Субъектом аргументации является индивид, и его победа в дебатах становится доказательством истины его позиции. Таким образом, истина рождается в дискуссии, а победитель становится носителем истины. Значит ли это, что истинным может стать всё, если оно одержало победу в дебатах? Наиболее отчетливо осмысление этой позиции было представлено софистами. Характерно в этом отношении интеллектуальное творчество Протагора, слушателя Демокрита, получившего прозвище «Мудрость».
Протагор заявил, что о всяком предмете можно сказать двояко, противоположным образом, поскольку человек есть мера всем вещам – существованию существующих и несуществованию несуществующих6. Всё на свете истинно, считает Протагор, в том числе и невозможность знания о богах, их существовании. За такое суждение Протагор был изгнан афинянами из города, а книги его сожгли на площади.

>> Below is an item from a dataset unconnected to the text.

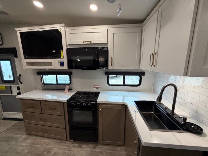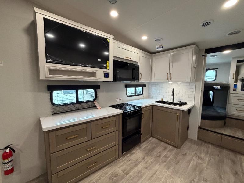With any Eagle HT fifth wheel or travel trailer by Jayco you will enjoy a smooth drive thanks to the 4 Star Handling Package and MORryde CRE-3000 rubberized suspension. The Customer Value Package includes amenities that are sure to make camping easier than ever, like the 60K on-demand water heater, Keyed-Alike lock system, 15,000 BTU "Whisper Quiet" A/C, and more. Handcrafted door/drawer fronts will make your space feel more like home, along with residential vinyl flooring throughout, GE appliances, and blackout roller shades with reflective side throughout to keep the sun out when you want to sleep in. Each model also includes a NuVo H2O water treatment system with filters included, interior and exterior "Blue Sync" audio connect with MB Quart Sound for your TV and phone, and 100% no floor vents for added comfort and convenience!

Протагор выделил в публичном выступлении четыре составляющих: пожелание, вопрос, ответ и приказ, назвав их основами речи. Он стал устраивать состязания в споре и придумал разные уловки для тяжущихся7.
Таким образом, общая цивилизационная ситуация определяется софистами как равнозначная: поистине не существует правых и виноватых; все равны, в силу чего всякое осуждение другого является отступлением от истины, утверждением в качестве истины субъективного мнения. Стало быть, любые попытки противостоять абсолютному смыслу самоутверждения индивида с его представлениями об истинных благах жизни, обречены на поражение.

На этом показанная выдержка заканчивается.